Ей снова хотелось слушать его, потому что сейчас начинало казаться: ему известно о ней, ее жизни, да и о жизни вообще, что была так скучна и несносна последнее время – что-то новое, неожиданное, захватывающее. Что заставит усталое и холодное сердце забиться иначе: тревожно и трепетно, в предчувствии неведомой радости, которая непременно должна быть. Как бывало в далеком детстве, когда, едва проснувшись, она испытывала приступ такого необъяснимого беспричинного счастья, что остатки сна стремительно отлетали вместе с одеялом, отброшенным сильными маленькими ножками одеялом, и звонкий смех маленькой Ирочки заставлял старую няньку, вздрогнув и уронив вязание, мчаться в детскую, улыбаясь и радуясь тоже неведомо чему.
Она была уверена, что сейчас он будет именно говорить с ней, а потом… Потом, когда начнет действовать наркотик, она уже совершенно точно знала, что почувствует и чего немедленно захочет и, конечно же, получит, как получала всегда.

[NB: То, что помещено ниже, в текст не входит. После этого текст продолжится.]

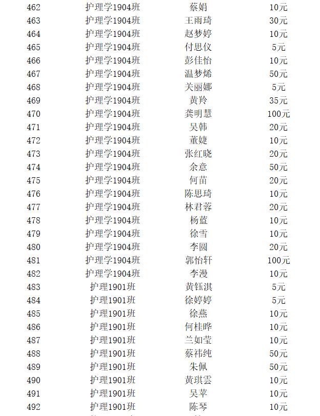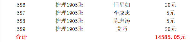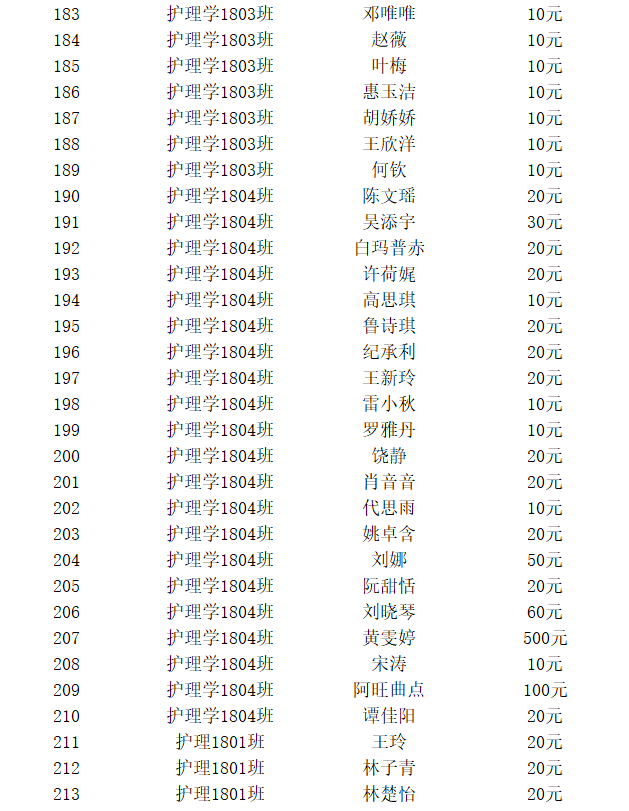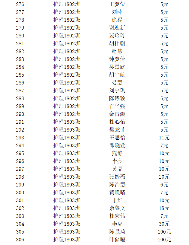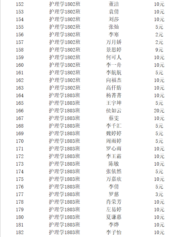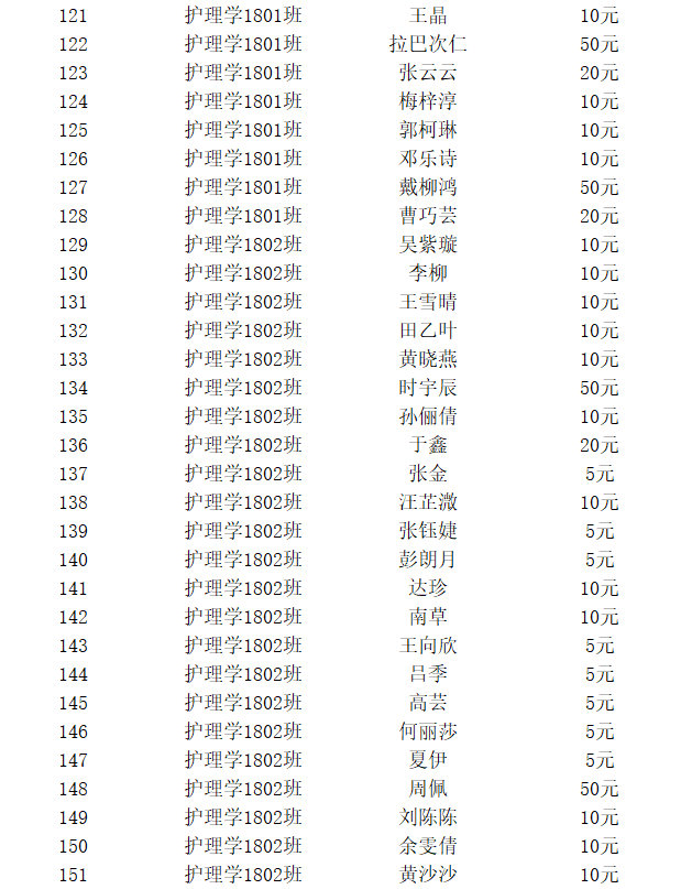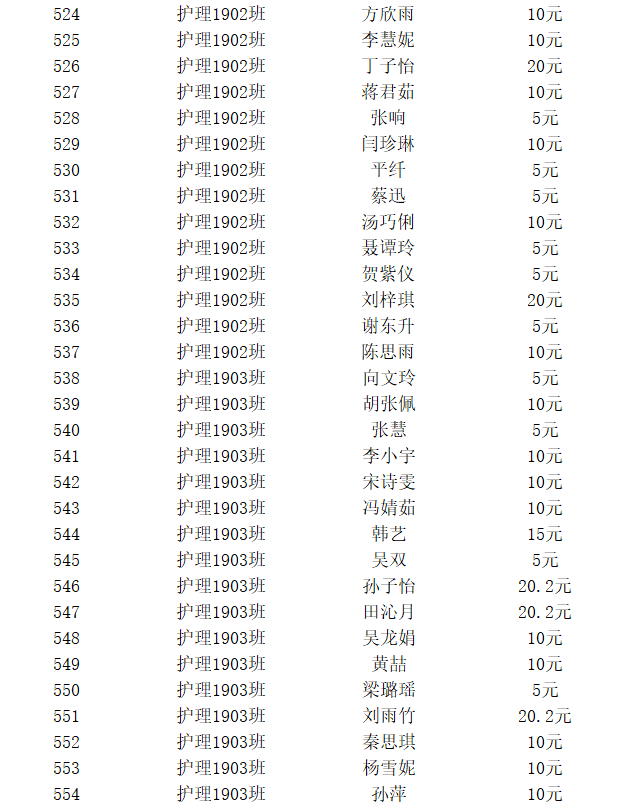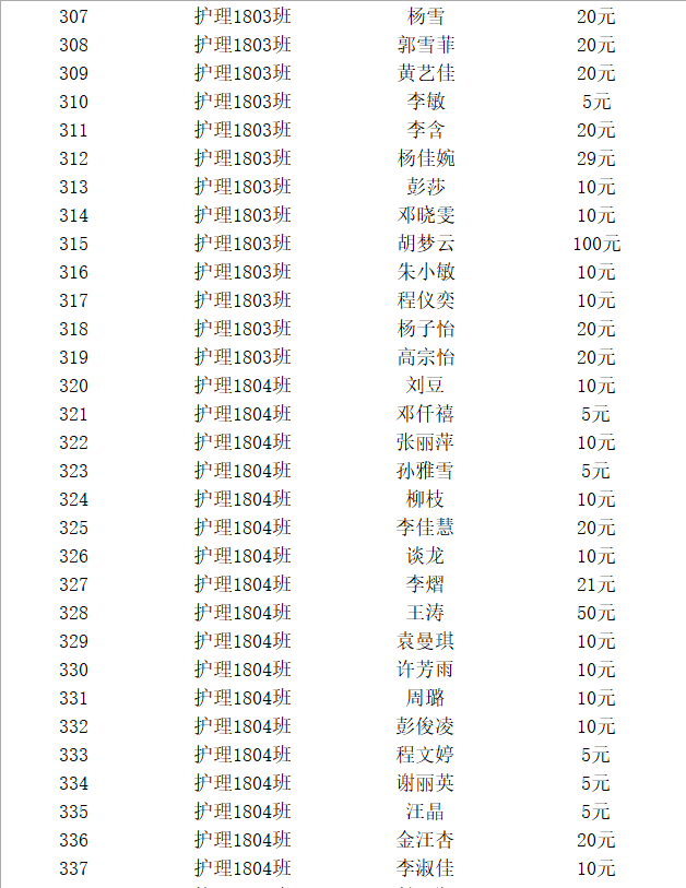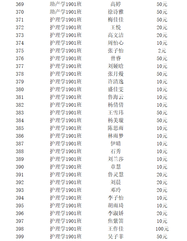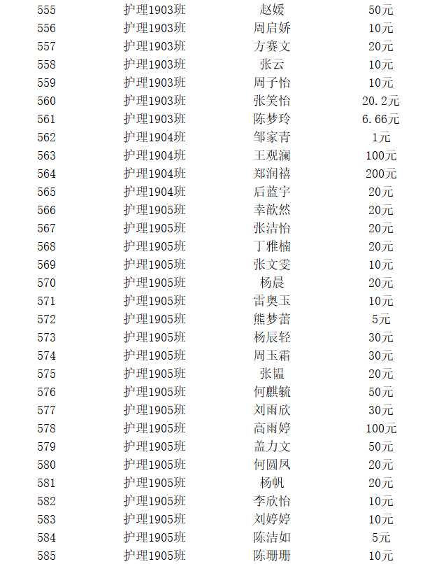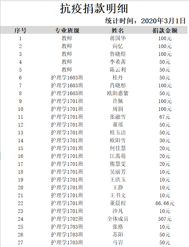 团委网3月2日消息新冠肺炎疫情牵动着所有中国人的心,为抗击疫情做一点力所能及的事,更是我们全校师生的共同心愿。为贯彻落实习近平总书记系列重要指示精神,响应党对团省委、校团委的号召。武昌理工学院护理学院师生积极响应,按照个人自愿原则,向抗击疫情一线医务人员的子女、因疫致困青少年捐出自己的一份爱。截止3月 2日,护理学院师生累计捐款14585.05元,参与捐款人数589人。现公示如下:

Но предчувствие и желание того, что непременно и скоро произойдет между ними, не так сильно занимало ее, как обычно. Сейчас она хотела слушать его завораживающий голос, и, поджав под себя ноги в промокших атласных туфельках (снимать их самой было лень – а он не предложил этого сделать), она поудобнее уселась на оттоманке, и прикрыла глаза, приготовившись слушать.
Рысев, однако хранил молчание.
Ирэн слышала его легкие шаги, он аккуратно перемещался по комнате где-то рядом, что-то доставал из-за какой-то дверцы – раздался слабый скрип, потом легкий перезвон, похожий на тихое позвякивание бокалов.
«Господи, неужели он просто предложит вина и все произойдет как всегда и как обычно. Нет, я не хочу так… Он не должен вести себя как все», – капризно подумала она и открыла глаза.
Рысев стоял подле тахты, и в руках у него действительно было нечто похожее на бокал, но скорее это был все-таки кубок. Большой, старинный, на массивной бронзовой, а может, и золотой, ножке. Чаша выполнена была из очень темного прозрачного стекла, необычной огранки. В ярком свете массивной люстры грани чаши сияли и переливались глубоким темно-фиолетовым цветом, и видно было – сосуд до краев наполнен какой-то жидкостью.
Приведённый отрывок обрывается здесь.